Agora, até as uvas estão falando, e novas pesquisas facilitaram visualizar a subida do termômetro através de uma taça cor de rosa.

As uvas para vinho são muito sensíveis ao clima. Vinicultores historicamente produzem vinhos superiores quando uma estação chuvosa ensopa as plantas e é seguida por uma seca, permitindo que a fruta amadureça. Dois cientistas afiliados à NASA, ao centro de ciências da Terra da Columbia e à Harvard reuniram registros de colheitas de uva durante os últimos 400 anos para mostrar tendências produzidas por alterações na temperatura e na precipitação.

A pesquisa, publicada ontem na Nature Climate Change, conclui que o aquecimento desde cerca de 1980 mudou a forma como as uvas para vinho crescem. Elas não precisam mais contar com o calor no final da temporada e seca, porque as temperaturas já estão altas. O gráfico do artigo mostra a saída da média e um aumento da colheita prematura, desde 1980. Os cientistas analisaram documentos históricos, estudos de anéis de árvores de temperatura, precipitação e umidade do solo:

A boa notícia é que houve provavelmente um aumento líquido na qualidade do vinho. A má notícia: não é provável que dure com a continuidade do aquecimento.

A Europa recebeu uma amostra do seu futuro mais quente em 2003, quando uma onda de calor em agosto, sem precedentes em cerca de 500 anos, matou pelo menos 20.000 pessoas. Se o calor extremo foi um benefício para os vinicultores, não apareceu nas garrafas.

“Pode haver um teto” para o efeito positivo do calor sobre os vinhos, disse Benjamin Cook, principal autor do estudo. “Por exemplo, 2003 foi a colheita mais prematura em nosso registro (cerca de um mês mais cedo), mas as avaliações de qualidade foram médias naquele ano”.

Os gráficos das datas de colheita da uva e das temperaturas de verão não são exatos opostos. Mas uma comparação dos dois mostra que eles se correlacionam inversamente. As temperaturas do verão na Europa sobem mais ou menos na mesma época em começa a colheita das uvas. Eles não são idênticos porque o gráfico de colheita da uva, apesar de estar relacionado principalmente com a temperatura, também reflete as tendências de precipitação e práticas de cultivo. A umidade pode retardar a colheita, embora seja muito mais fraca do que o avanço causado pelo calor.

Ver o mundo se aquecer através da produção de vinho é vital para os vinicultores, suas economias locais e fãs do vinho. No esquema das coisas, não é o maior problema da economia global.
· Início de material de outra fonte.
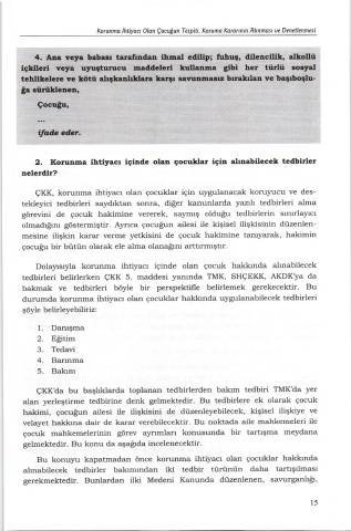 2. Korunma ihtiyacı içinde olan çocuklar için alınabilecek tedbirler

O maior problema da economia global é que a humanidade está jogando dióxido de carbono, o principal gás estufa, na atmosfera mais rápido do que em qualquer momento desde que os dinossauros foram aniquilados. Um estudo na revista Nature Geoscience, publicado simultaneamente com o estudo sobre vinho, concluiu que o carbono está sendo injetado na atmosfera a taxas nunca vistas desde um grande evento de aquecimento há cerca de 56 milhões de anos.

Não há nada análogo ao aquecimento produzido pelo homem, dizem os cientistas. A taxa de mudança climática “é rápida demais para que muitas espécies se adaptem, o que provavelmente vai resultar em extinções futuras generalizadas em ambientes marinhos e terrestres que, substancialmente, será superior” a qualquer episódio da Era Cenozoica, que aconteceu há 66 milhões de anos.

Os próximos serão anos ruins para o Merlot.